A survey of eight cancer clinical trial centres in the UK also found that the cost of noncommercial trials had doubled, trials have been delayed, and staff were demoralised in many trial centres [40]. Since funds are often collected directly from the public by charity appeals, public money is being spent. It always difficult to fund clinical trials in this way, with some of the real costs being absorbed or cross-subsidised in department accounts. Considerably more money is now required, and only projects that are attractive to the pharmaceutical industry are likely to proceed. Since outcomes are often better in patients taking part in clinical trials, countless thousands receiving care outside of trials are therefore having their health damaged because of the reduced recruitment into trials. This is particularly true of areas that are of no interest to the pharmaceutical industry.
Discussion
Drug trials initiated in academia have similarities with conventional pharmaceutical company trials but also important differences. The primary aims of academic trials are to improve patient care rather than to develop new pharmacological entities. Surely, these objectives are of equivalent or of greater importance to society? In the conduct of both types of trial, GCP is important but the need for intrusive bureaucracy to ensure harmonisation is much less relevant to academic studies usually carried out at a single site. In the past, the pharmaceutical industry might have sponsored such research but The Directive makes this much less likely. The requirements of The Directive have dissuaded Universities from taking on this role. Accumulating evidence suggests that many research units and individual researchers have withdrawn from noncommercial randomised clinical trials altogether because of The Directive.
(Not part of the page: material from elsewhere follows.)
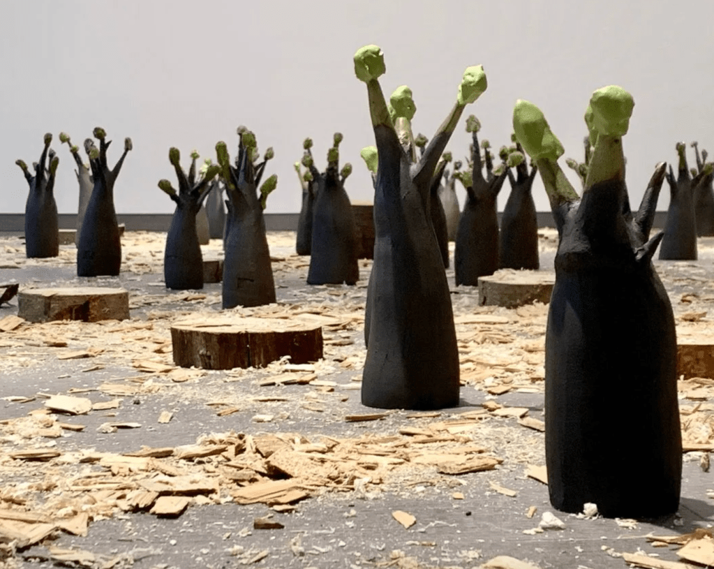 Christiane Toewe erforscht in ihrer künstlerischen Praxis gesellschaftspolitische Themen. Dabei setzt sie auf verschiedene keramische Materialien, die sie mit Licht und gelegentlich Video- und Soundelementen kombiniert, um ihre Botschaft zu visualisieren. In dieser Ausstellung widmet sich Toewe den Bäumen und beleuchtet Themen wie Wiederaufforstung, Waldbrand, Regen und die Vielfalt der Eichenarten. Um die Bedeutung von Bäumen zu unterstreichen, pflanzt sie für jeden verkauften Baum einen in ihrer Heimatstadt.

ICH standards are expected by pharmaceutical companies for licensing submissions. According to the MHRA (by personal communication) the legally binding parts of the trial regulations include the following: staff must be qualified, procedures should be in place to ensure quality; data should be accurate and verified; patient confidentiality should be maintained; patient consent is documented. This short list is just common sense in doing a professional job of doing good quality trials. There is no mention of the massive list of SOPs or the entire training and auditing industry that has sprung up around the ICH documents. We should not forget that the GCP Directive itself conceded that that the conditions of noncommercial trials render the “application of certain of the details of good clinical practice unnecessary or guaranteed by other means.”
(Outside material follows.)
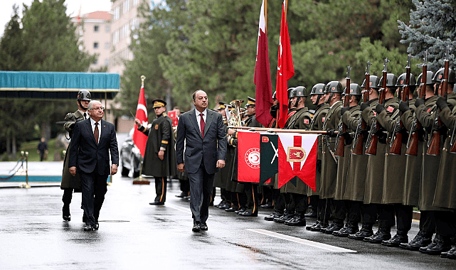 Milli Savunma Bakanı Yaşar Güler, Katar Başbakan Yardımcısı ve Savunma Bakanı Halid bin Muhammed Al-Attiyah ile bugün Bakanlık'ta bir araya geldi.Milli Savunma Bakanı Yaşar Güler, Katar Başbakan Yardımcısı ve Savunma Bakanı Halid bin Muhammed Al-Attiyah ile bugün Bakanlık'ta görüştü. Milli Savunma Bakanlığı'ndan yapılan açıklamada, "Millî Savunma Bakanı Yaşar Güler, resmî davetlisi olarak Ankara’ya gelen Katar Başbakan Yardımcısı ve Savunma Bakanı Halid Bin Muhammed Al-Attiyah’ı askerî törenle karşıladı. İki ülke marşlarının çalınmasının ardından konuk Bakan, Onur Kıtası’nı selamladı. Bakanlar Yaşar Güler ve Halid Bin Muhammed Al-Attiyah, ikili görüşme sonrası heyetler arası görüşmeye başkanlık etti" denildi.

There appears to be some room for manoeuvre in the legislation with regard to the interpretation of “good clinical practice.” Instead of accepting each new layer of bureaucracy the academic community should clarify these developments, using legal advice where necessary. The cost-effectiveness of the type of procedures that ICH GCP generates is untested. For example, it has been estimated that the cost of a single “data query” is US$150. Robert Califf notes that this is a “colossal waste of money,” and that a more effective and scientific method would be to use sampling and the statistical process control techniques that are found in other industries (such as engineering and manufacturing) [41]. In short, there is no evidence that the intense bureaucracy of centralised politically driven procedures for ICH GCP has improved the care of trial participants in any way.
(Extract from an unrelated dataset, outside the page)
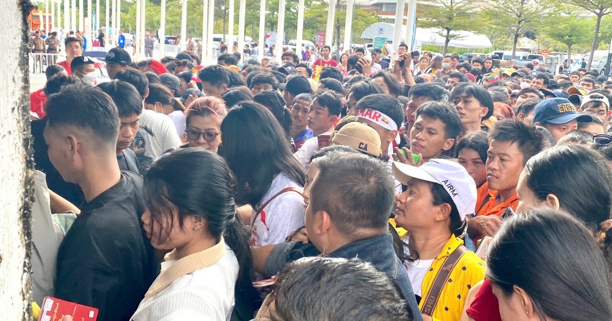Hàng nghìn cổ động viên đã chật kín các khán đài, xếp thành hàng dài chờ đợi vào xem trận đấu của Philippines và Myanmar. Những bức ảnh ghi lại khoảnh khắc lễ hội bóng đá diễn ra náo nhiệt, từ quá trình xếp hàng đến những khoảnh khắc hoàn toàn chìm đắm trong không khí của môn thể thao vua này.

As bureaucracy increases, the efficiency of the trial process decreases. There is no evidence base to support the implementation of the burden of this extra bureaucracy, and academics are perplexed as to the utility of this bureaucracy. There is a phrase for overinterpretation of regulatory advice that is sometime used when discussing EU competition and tendering rules called “regulatory creep.” Hearn and Sullivan have pointed out that “regulatory creep” is being caused by overinterpretation of trial “guidance” [40]. Instead of regulatory creep in clinical trials, we would like to see some “regulatory retreat” where academics try to ensure that the interpretation of any rules and procedures that are not mandated by law are the most favourable for academic research whilst ensuring patient safety. Researchers funded with public money should seek to adhere to the legal minimum required to carry out research rather than the bureaucratic maximum as suggested by ICH GCP. Ideally there would be a completely different and alternative version of GCP for noncommercial trials, especially those that study medications that have been on the market for decades and have treated millions of patients.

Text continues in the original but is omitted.